The tool icon is defined in config/icon.svg file. This svg file is displayed in the platform. The icon should be a square aspect ratio.

Tool runtime variables

{
  "title": "Runtime Variables",
  "description": "Runtime Variables for translate",
  "type": "object",
  "required": [
    "GOOGLE_SERVICE_ACCOUNT"
  ],
  "properties": {
    "GOOGLE_SERVICE_ACCOUNT": {
      "type": "string",
      "title": "Google Service Account",
      "description": "Google Service account"
    }
  }
}

Tool runtime variables are defined in config/runtime_variables.json file. The JSON schema presented here defines the runtime variables required for the tool's operation. These variables are essential for the tool to function correctly. For instance, if the tool relies on an API key to connect to a third-party service, it must gather these details from the runtime variables form.

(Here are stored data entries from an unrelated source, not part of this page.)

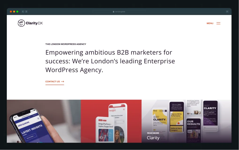 ClarityDX specializes in UX-centric websites for B2B tech, FinTech, and sustainability sectors.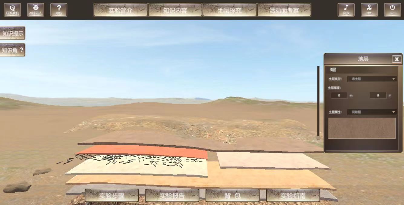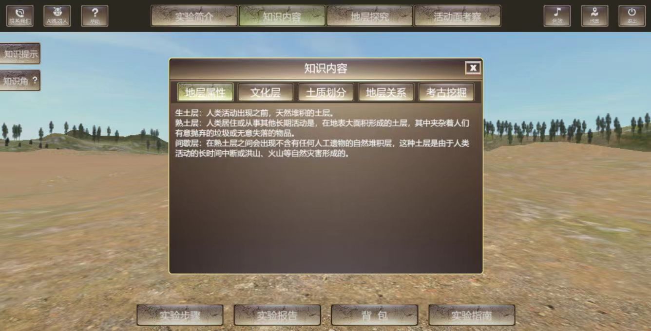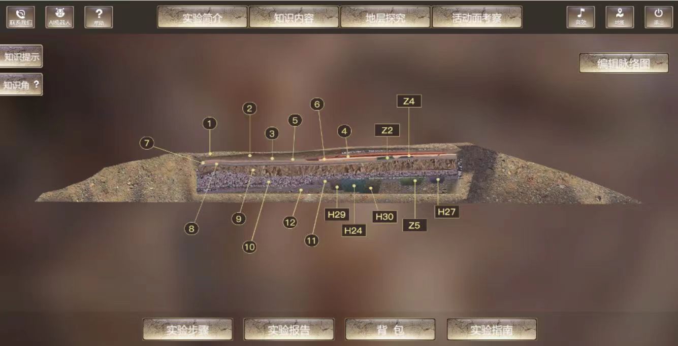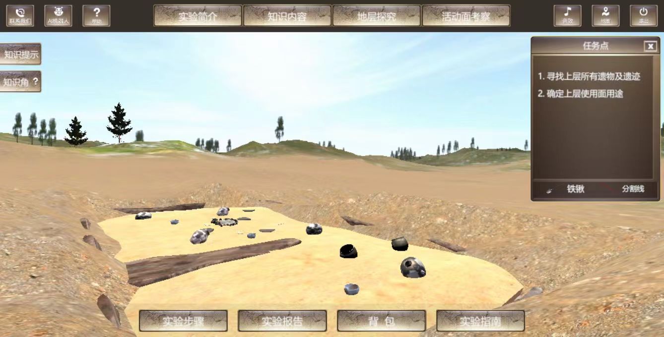 基于三维建模技术和 B/S 和 C/S 架构的虚拟互动田野考古实践教学系统,主要为考古专业学生教学专门设计开发。通过对考古遗址进行原真性复原,在虚拟仿真情境下培养、训练学生观察、分析、判断各类考古遗迹的特征;学习考古发掘的基本流程;模拟操作进而掌握考古工作中的基本技能。
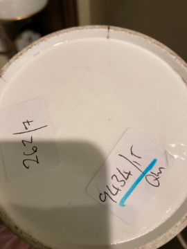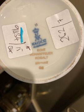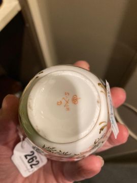 Condition:One cover has been repaired on one of the pot pourri vases. Mug has rubbing to gilt, inner gilt border has run hairline to handle.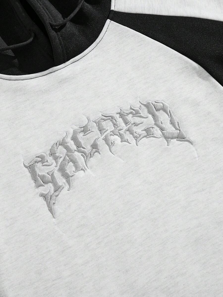 Felpa con cappuccio da uomo con stampa colorblock a lettere, patchwork a blocchi di colore, maniche lunghe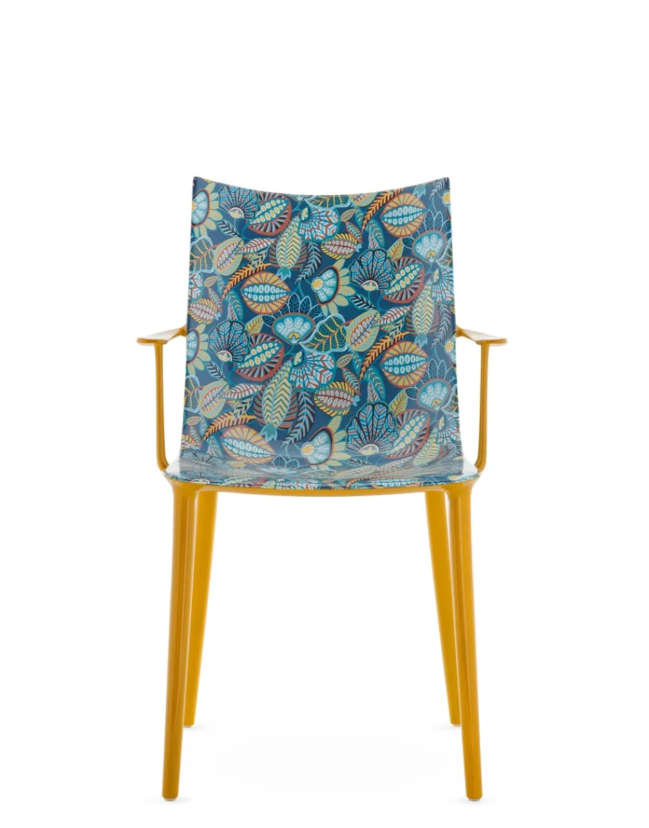 Philippe Starck ci conduce verso un nuovo vertice con la sedia H.H.H. – HER HIGHEST HIGHNESS. Con un’eleganza e un’imponenza grafica senza pari, H.H.H. definisce l’essenza stessa dell’essere umano che interagisce con essa, costringendolo a prendere una posizione. Un oggetto che va oltre il mero concetto di seduta, trasformando ogni momento trascorso su di essa in un momento di vera e propria regalità. La struttura è in materiale riciclato e la seduta è disponibile in diverse finiture: pelle riciclata con trattamento di concia green, nei colori nero e cuoio, ecofriendly texture proveniente in parte da materiale riciclato e in parte da fonti rinnovabili nei colori nero e tabacco e nella finitura lucida super glossy nei colori bianco, nero, bordeaux, ruggine, senape, blu e verde.Ma H.H.H. si eleva al di sopra delle semplici funzioni pratiche di una sedia, diventando un emblema di stile e che incanta e ispira chiunque vi si avvicini grazie all’edizione Kartell x Liberty, rivestita in sei tessuti Liberty con vivaci stampe floreali.Fedele al suo essere pioniera nella ricerca di nuove e diverse forme di innovazione tecnologica, Kartell ha inoltre deciso di fare un ulteriore passo in questa direzione, sperimentando una nuova tecnica di “graphic impression” in cui, con uno stampaggio altamente tecnologico, vengono proposti 4 pattern floreali e geometrici in diverse versioni cromatiche.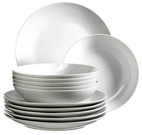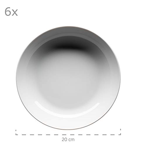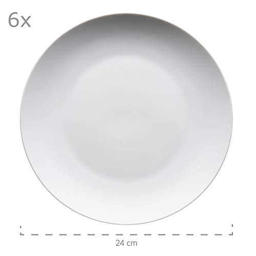 ✅ Ten 12-częściowy zestaw: Ten 12-częściowy zestaw talerzy dla 6 osób z porcelany w kolorze białym składa się z 6 płaskich talerzy obiadowych (Ø 24 cm) i 6 talerzy głębokich (Ø 20 cm)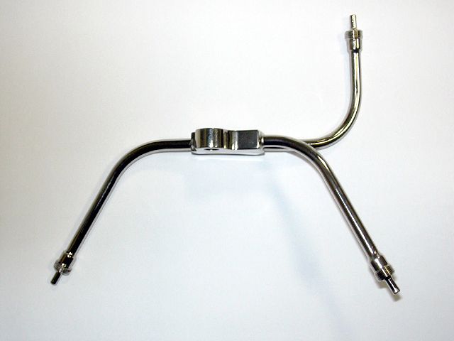 3-way junction that bolts straight up to the underside of the bottom fork yoke.  Our stainless steel braided hoses screw directly to it.  Suitable for most late model twin disc Harleys.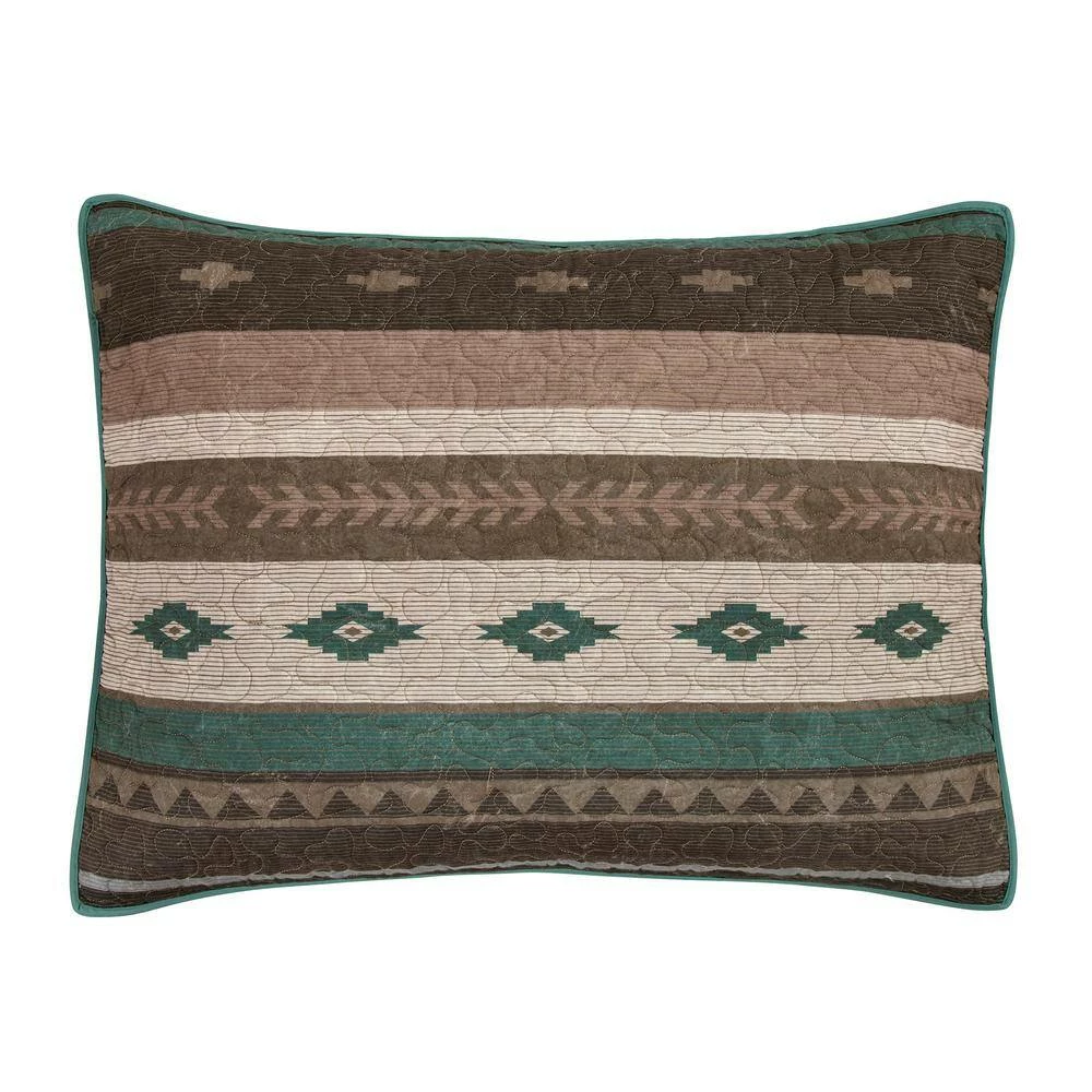 This handsome 3-piece quilted microfiber bedding collection features bands of softly-textured southwestern motifs in shades of antique ivory, black, chestnut brown, dusty teal and warm taupe. This quilt set has a soft hand right out of the package and is just the right thickness to keep you warm or cool, depending on the season. The vivid colors are great for a master bedroom or guestroom. Our coordinating decorative pillows help to carry the theme throughout your room and are sold separately.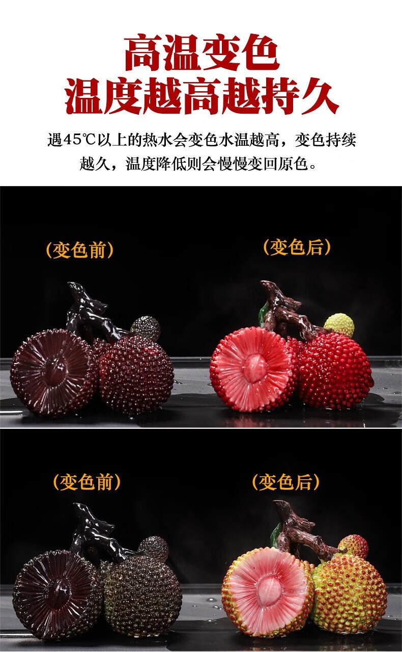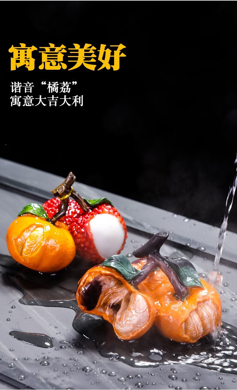 Simi flower color-changing tea pet, lychee and orange tea pet ornaments, Douyin same style creative tea set accessories, color-changing when exposed to water, big orange and big li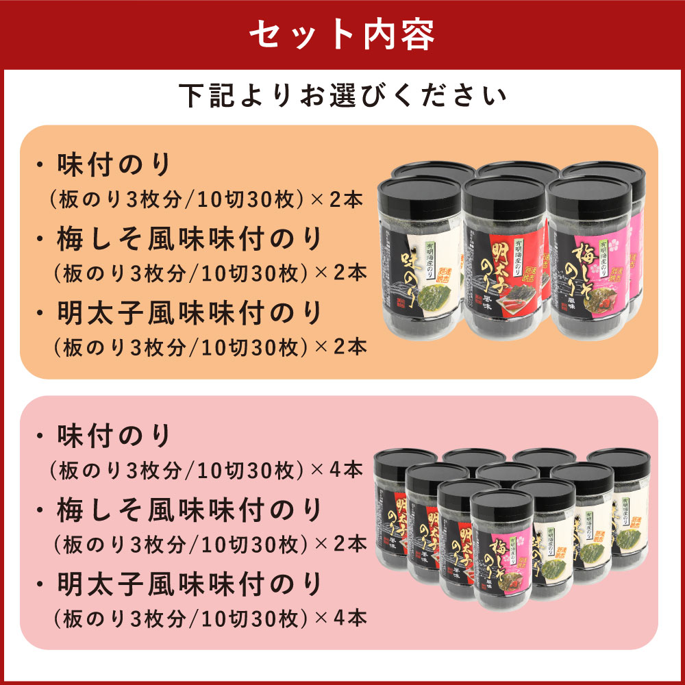 【ふるさと納税】<選べる内容量>有明海柳川産 海苔詰め合わせ 3種類セット 計6本・計10本 味付のり・梅しそ風味味付のり・明太子風味味付のり 1本あたり板のり3枚分/10切30枚 のり 味のり 味付け海苔 有明海苔 ウメ めんたいこ おにぎり 国産 福岡県 うきは市 送料無料

This form is displayed to users on the tool registration page in the frontend, ensuring that all necessary environment variables are provided for the tool's proper functioning.

Input and output protocol

The preferred way to create the output jsons is to use the tools available in the unstract SDK. The SDK provides utility functions to create the output jsons. Please refer to the SDK documentation.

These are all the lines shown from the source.